Il debutto in Nazionale è avvenuto l’anno passato proprio nella capitale francese, dove oggi comincia il Mondiale e nel 2024 ci saranno le Paralimpiadi: «La rassegna iridata assegnerà i primi pass per il grande appuntamento, dove col mio attuale crono sarei già qualificato. È ovvio che adesso penserò più alle medaglie che ai pass, ma il grande obiettivo saranno i Giochi paralimpici». In questa storia intrisa di passione e cuore, anche la burocrazia ha inserito il suo zampino. Per diventare italiano Manu ha infatti dovuto sudare le celeberrime sette camicie. «Ho ricevuto il via libera da un paio di anni, nonostante i miei documenti fossero già pronti da più di cinque. Purtroppo però per un errore degli uffici che avevano smarrito la mia richiesta ho dovuto pazientare più del solito e rivolgermi anche ad un avvocato. Per fortuna tutto è finito bene e ora posso vestire la maglia azzurra ». Con un obiettivo ben preciso: «Portare l’Italia al primo posto, rendendomi utile alla squadra e restando sempre felice». Sì, perché il motto di Maxcel è sorridere alla vita. «Dopo che ti capita un’esperienza come la mia, è normale che la prima risposta sia buttarsi giù.

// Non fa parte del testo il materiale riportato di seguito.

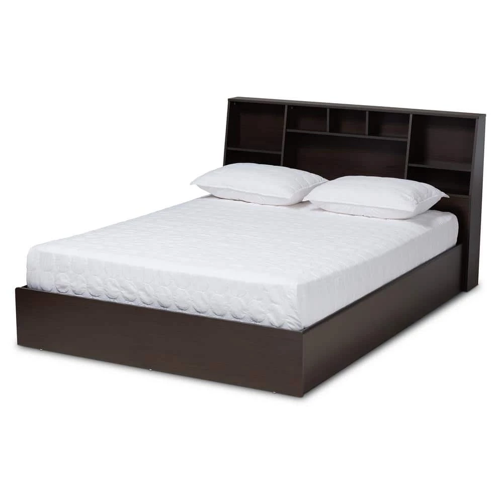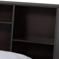 Striking and ergonomic design bring a unique style to the bedroom with the Geoffrey platform bed. Its sleek, angled headboard is fitted with compartments of various sizes to provide display space for books, decorations, and more. Made in Malaysia, the Geoffrey is constructed from wood finished in a soothing dark brown to add a relaxed vibe to any bedroom. Assembly is required and a box spring isn’t necessary, as the Geoffrey comes with a paneled platform base for mattress support. Transform your bedroom into a fashionable space with the versatility of the Geoffrey bed.

Ma è proprio in quel momento che bisogna avere la forza di reagire. Anche senza una gamba la vita non finisce, ma ci si può rialzare. Bisogna provarci e avere un obiettivo nella testa». Il sogno di Maxcel potrebbe esaudirsi nella Ville Lumière in due tappe: la settimana prossima il Mondiale, l’anno venturo la Paralimpiade. Si può correre forte anche senza una gamba, basta crederci.